Además, el avance de las energías renovables transforma nuestro mix energético, lo que ayuda a este desacoplamiento. Países como España demuestran que es posible mantener el crecimiento económico reduciendo la dependencia de combustibles fósiles. La caída en los costes de la energía solar y eólica está acelerando esta transición, haciendo que el crecimiento “verde” sea cada vez más una realidad tangible y no solo una aspiración lejana. Un informe del Banco de España de esta semana pasada ya nos indica que nuestra factura energética cayó significativamente en 2023 gracias al mayor uso de renovables. Y con ello las emisiones. Sin afectar al crecimiento, más bien al revés: transitar a lo renovable implica crecer.

Junto a todos los “peros” que al decrecimiento se le puede hacer existe, además, un sustento teórico del mismo que no existe. Es más, del decrecimiento solo podemos decir que es una amalgama de opiniones y propuestas sin fundamento en evidencias que los respalden. En un estudio reciente en Ecological Economics, analizando 561 artículos, sus autores, Savin y van den Bergh, encuentran que casi el 90% de estos estudios se basan en opiniones más que en análisis rigurosos, con pocos utilizando modelos formales o datos robustos.
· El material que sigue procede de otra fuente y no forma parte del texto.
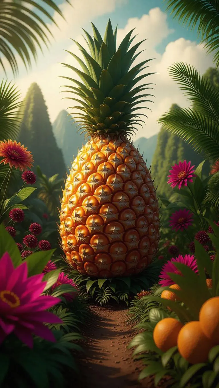 Towering pineapple-shaped volcanoes erupting with golden syrup, surrounded by a lush, overripe landscape where everything grows too fast, too sweet, too strange. Vibrant fruit-birds sing harmonious chords, causing the plants to change colors with each note, creating a surreal, enchanted atmosphere.

No existe, pues, rigor metodológico para un campo que pretende resolver problemas complejos como el cambio climático. Muchos estudios usan muestras pequeñas no representativas o casos específicos difícilmente generalizables. Además, los estudios de decrecimiento prestan poca atención a la literatura existente sobre políticas ambientales, resultando en recomendaciones ad hoc desconectadas de décadas de investigación.

Paradójicamente, los pocos estudios que analizan el apoyo público concluyen que estas estrategias son social y políticamente inviables. Si el decrecimiento surge como respuesta a la falta de apoyo a políticas ambientales ambiciosas, ¿cómo espera lograr apoyo para medidas aún más radicales?

Así pues, la solución puede estar en un crecimiento más inteligente y sostenible, no en el decrecimiento. Necesitamos políticas que aceleren la transición a energías limpias, fomenten la innovación en tecnologías verdes y promuevan modelos de negocio circulares y sostenibles. El debate no debería ser entre crecimiento y decrecimiento, sino sobre qué tipo de crecimiento queremos y cómo hacerlo sostenible.